§ **WHAT THIS TASK INVOLVES**: All pictures are to be dropped, and the remaining data set down exactly.

§ **PROVIDED MATERIAL**:
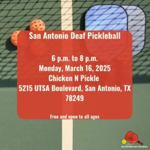 Let’s play some pickleball! Join the San Antonio Deaf Pickleball group Monday March 16th from 6pm to 8pm at Chicken N Pickle-San Antonio. We’re open to all ages and free to all so come on by no matter your skill level and let’s have some fun! 🥳
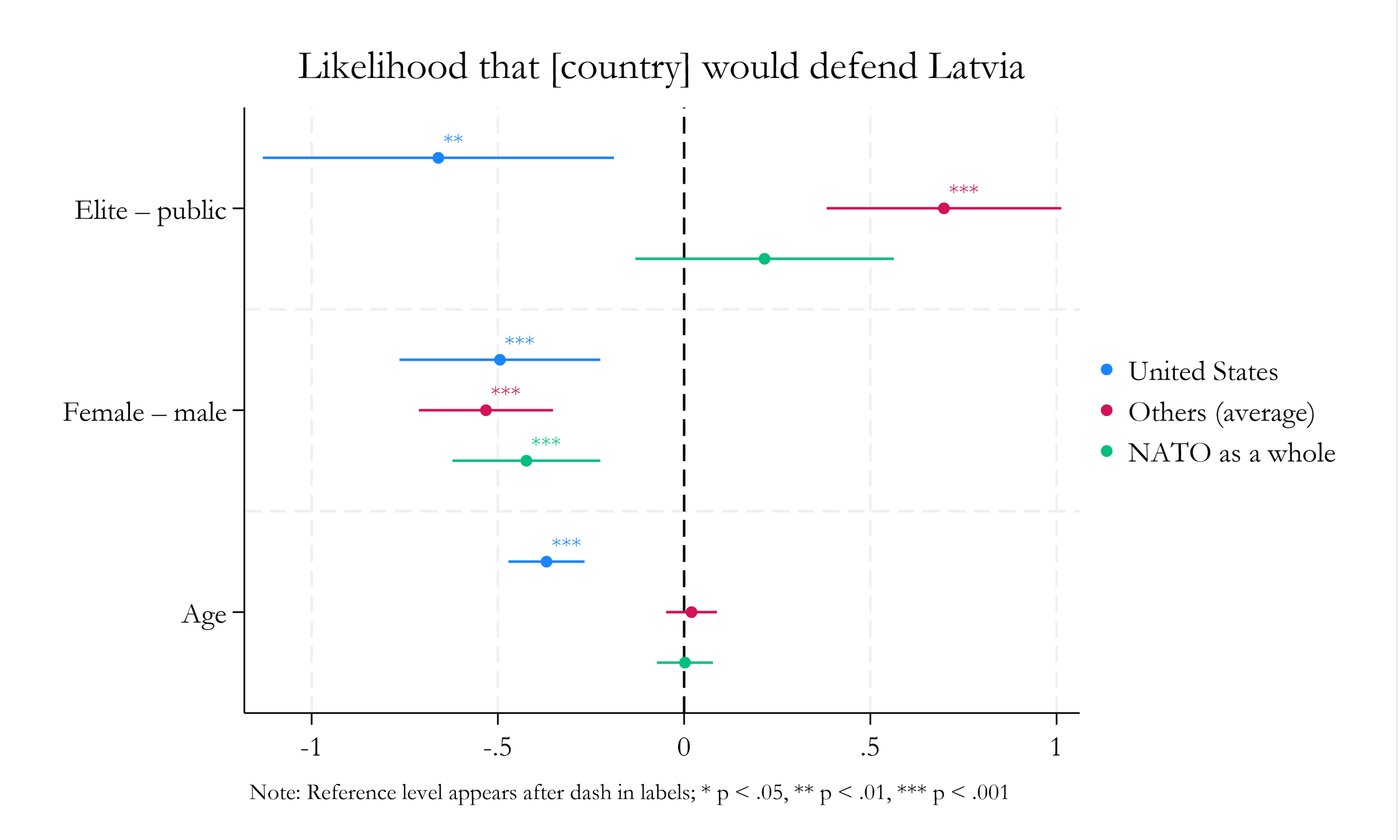 We ran three OLS regression models, each with a dependent variable capturing the perceived likelihood of different actors defending Latvia (9-point scale from “extremely unlikely” to “extremely likely”): (1) the United States, (2) the average likelihood across other surveyed countries (i.e., the United Kingdom, France, Germany, Poland, and Canada), and (3) NATO as a whole. All models include controls for respondent type (public vs. elite), gender, and age. The results are presented in the coefficient plot below and summarized in Table 1.
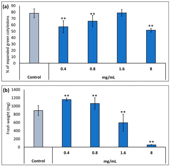 Determination of the optimal dose of potassium humate (KH60) in two stages of A. thaliana development: (a) complete expansion of the green cotyledons and (b) vegetative growth. In the case of vegetative growth, the application of KH60 was carried out 3 days after the transplant, and fresh weight was measured when the plants showed a fully developed rosette stage. The X-axis indicates the different concentrations (0.4, 0.8, 1.6, and 8 mg/mL) of the KH60, while the Y-axis represents (a) the percentage of expanded green cotyledons and (b) the fresh weight (mg) of plants grown to full rosette. n = 30 for each individual bar. Bars represent the standard error. ** p < 0.01 by Student’s tests for the target sample compared to the control sample.

§ **ANSWER SPACE**:
 Let’s play some pickleball! Join the San Antonio Deaf Pickleball group Monday March 16th from 6pm to 8pm at Chicken N Pickle-San Antonio. We’re open to all ages and free to all so come on by no matter your skill level and let’s have some fun! 🥳
 We ran three OLS regression models, each with a dependent variable capturing the perceived likelihood of different actors defending Latvia (9-point scale from “extremely unlikely” to “extremely likely”): (1) the United States, (2) the average likelihood across other surveyed countries (i.e., the United Kingdom, France, Germany, Poland, and Canada), and (3) NATO as a whole. All models include controls for respondent type (public vs. elite), gender, and age. The results are presented in the coefficient plot below and summarized in Table 1.
 Determination of the optimal dose of potassium humate (KH60) in two stages of A. thaliana development: (a) complete expansion of the green cotyledons and (b) vegetative growth. In the case of vegetative growth, the application of KH60 was carried out 3 days after the transplant, and fresh weight was measured when the plants showed a fully developed rosette stage. The X-axis indicates the different concentrations (0.4, 0.8, 1.6, and 8 mg/mL) of the KH60, while the Y-axis represents (a) the percentage of expanded green cotyledons and (b) the fresh weight (mg) of plants grown to full rosette. n = 30 for each individual bar. Bars represent the standard error. ** p < 0.01 by Student’s tests for the target sample compared to the control sample.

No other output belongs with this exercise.